Sombre et maussade musée du Quai Branly
J'avais bien compris qu'au 21ème siècle — et principalement en France — il était de bon ton que l'intérieur d'un musée se singularise autant par sa laideur que par une scénographie qui ne sert non pas les œuvres mais ceux qui sont à l'origine de sa conception.
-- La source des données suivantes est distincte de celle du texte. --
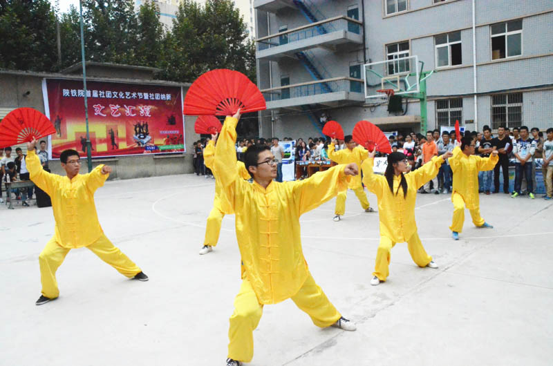 9月23、24日,由大学生社团联合会举办的陕铁院首届社团文化艺术节暨社团纳新文艺汇演在临渭和高新校区举行。 艺术节上,学院58个学生社团采用丰富的宣传方式开展纳新活动,军乐团、战车轮滑协会、舞狼街舞队、护校队、龙搏跆拳道协会、太极协会等社团表演了特色、多彩的文艺节目。艺术节的举办既展示了各个社团的风采,又加强了社团之间的沟通交流。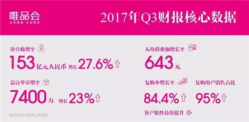 根據(jù)最新數(shù)據(jù)顯示,唯品會(huì)人均消費(fèi)額達(dá)643元,用戶(hù)復(fù)購(gòu)率達(dá)84.4%!11月21日,美股上市的特賣(mài)電商唯品會(huì)公布了截至2017年9月30日未經(jīng)審計(jì)的第三季度財(cái)務(wù)報(bào)告↓↓↓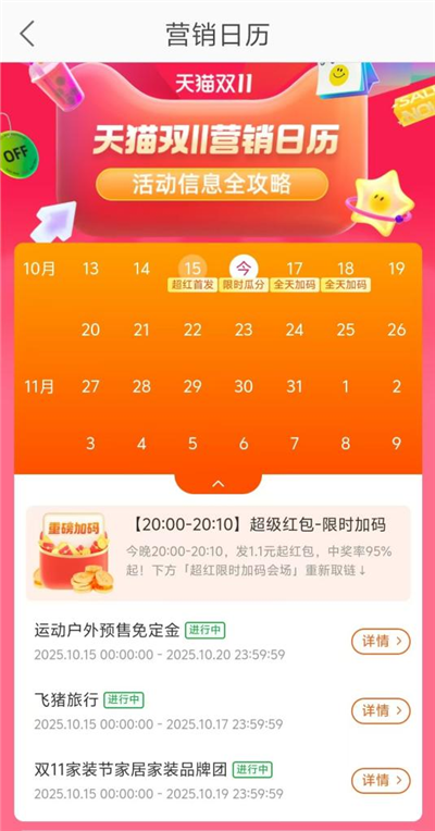 从2012年起,双11活动时间开始向前拉长;2020年,天猫进一步调整活动节奏,首次将会场分为上下两场:第一场从10月21日开启预售、11月1-3日支付尾款,第二场覆盖11月4日至11日,通过“分阶段释放需求”优化体验。与此同时,其他平台也积极跟进,在日益激烈的竞争氛围中,双11的启动时间被不断提前,到2024年,核心平台的双11预售已提前至10月14日的晚8点。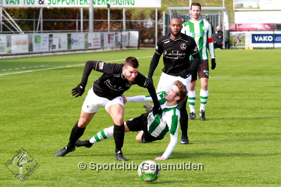 7 17-03-2018: Voetbal: SC Genemuiden v DFS: Genemuiden/Noe Bokila (l) of DFS, Anne van der Kolk (m) of Genemuiden, Lorenzo Davids (r) of DFS/ |

En cela le Musée du Quai Branly s'inscrit parfaitement en son temps ! En revanche, si l'indigence des explications qui accompagnent les objets exposés — et la profusion de celles qui se rapportent à la conception des lieux — est habituelle à nos musées et ne mériterait pas l'ombre d'un billet, je m'étonne quand-même que personne n'ait indiqué au conservateur qu'il existe maintenant de très bonnes ampoules électriques sans émission d'UV qui permettent d'éclairer tout à fait décemment les objets sensibles à la lumière... En faire l'acquisition, notamment pour éclairer certains textiles chatoyants dont les couleurs — par défaut d'éclairage — se résument à un vague salmigondis de taupe et de brun, pourrait être déjà un premier pas vers une exposition réussie (le second serait d'éviter de susciter chez les visiteurs curieux une danse de sioux devant chaque vitre pour réussir à voir l’œuvre en évitant les reflets que ce médiocre éclairage parvient cependant à répandre...)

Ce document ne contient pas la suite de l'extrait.